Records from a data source
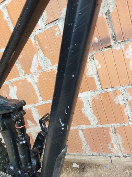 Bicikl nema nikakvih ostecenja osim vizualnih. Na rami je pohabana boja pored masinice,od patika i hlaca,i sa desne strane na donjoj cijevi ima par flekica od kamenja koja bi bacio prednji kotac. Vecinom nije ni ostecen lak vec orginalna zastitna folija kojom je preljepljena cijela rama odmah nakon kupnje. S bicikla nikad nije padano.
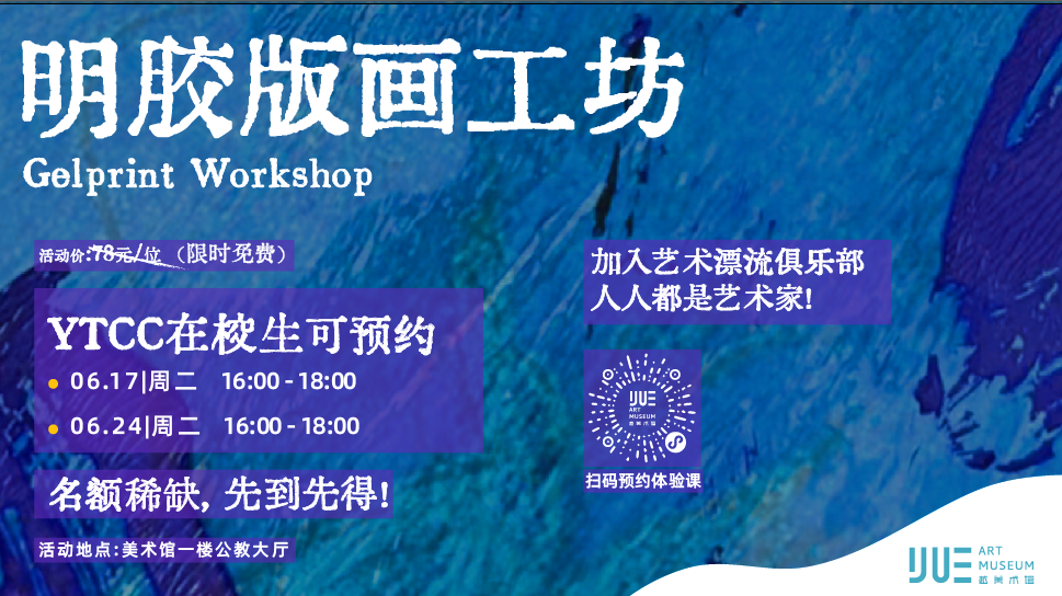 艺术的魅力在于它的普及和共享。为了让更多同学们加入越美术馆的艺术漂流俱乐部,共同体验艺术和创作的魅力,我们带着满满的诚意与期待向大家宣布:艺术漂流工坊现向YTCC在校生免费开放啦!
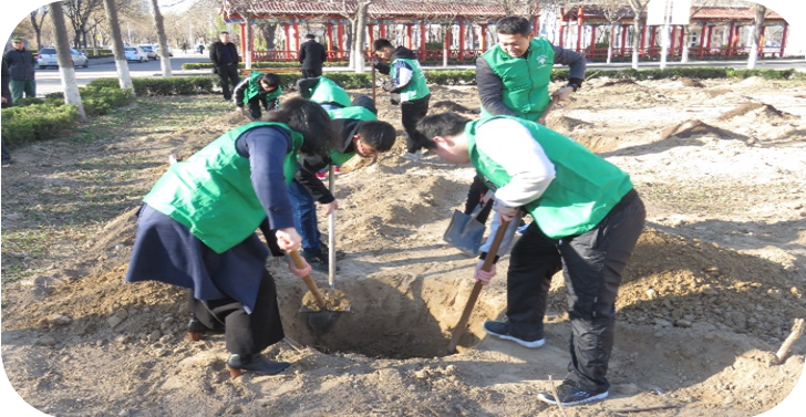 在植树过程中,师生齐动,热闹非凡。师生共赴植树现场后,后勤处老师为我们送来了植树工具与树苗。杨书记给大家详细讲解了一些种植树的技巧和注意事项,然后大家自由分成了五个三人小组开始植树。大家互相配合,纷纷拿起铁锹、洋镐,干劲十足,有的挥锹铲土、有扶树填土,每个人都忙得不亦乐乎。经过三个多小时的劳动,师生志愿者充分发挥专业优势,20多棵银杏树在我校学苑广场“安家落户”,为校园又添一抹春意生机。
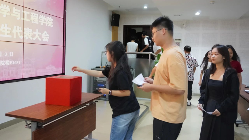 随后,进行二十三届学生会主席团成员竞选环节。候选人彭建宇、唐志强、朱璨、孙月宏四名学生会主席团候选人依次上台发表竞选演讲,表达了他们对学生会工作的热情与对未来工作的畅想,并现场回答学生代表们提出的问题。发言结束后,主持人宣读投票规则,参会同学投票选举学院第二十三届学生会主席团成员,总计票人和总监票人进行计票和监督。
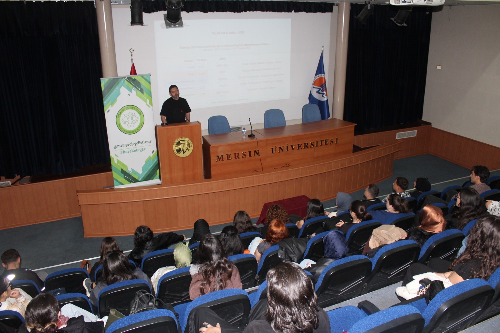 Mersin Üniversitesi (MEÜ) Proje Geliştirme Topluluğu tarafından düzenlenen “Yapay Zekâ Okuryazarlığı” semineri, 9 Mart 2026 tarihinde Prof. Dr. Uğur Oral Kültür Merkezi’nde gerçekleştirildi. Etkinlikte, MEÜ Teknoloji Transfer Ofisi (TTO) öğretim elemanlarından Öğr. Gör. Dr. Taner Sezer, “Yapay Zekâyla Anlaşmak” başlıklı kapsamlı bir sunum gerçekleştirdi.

→ TASK BRIEF: Above are the records; copy from them only the lines starting at the one containing "艺术的魅力在于它的普及和共享" and ending at the one containing "在植树过程中,师生齐动,热闹", exactly and without pictures.

→ FINISHED TASK:
 艺术的魅力在于它的普及和共享。为了让更多同学们加入越美术馆的艺术漂流俱乐部,共同体验艺术和创作的魅力,我们带着满满的诚意与期待向大家宣布:艺术漂流工坊现向YTCC在校生免费开放啦!
 在植树过程中,师生齐动,热闹非凡。师生共赴植树现场后,后勤处老师为我们送来了植树工具与树苗。杨书记给大家详细讲解了一些种植树的技巧和注意事项,然后大家自由分成了五个三人小组开始植树。大家互相配合,纷纷拿起铁锹、洋镐,干劲十足,有的挥锹铲土、有扶树填土,每个人都忙得不亦乐乎。经过三个多小时的劳动,师生志愿者充分发挥专业优势,20多棵银杏树在我校学苑广场“安家落户”,为校园又添一抹春意生机。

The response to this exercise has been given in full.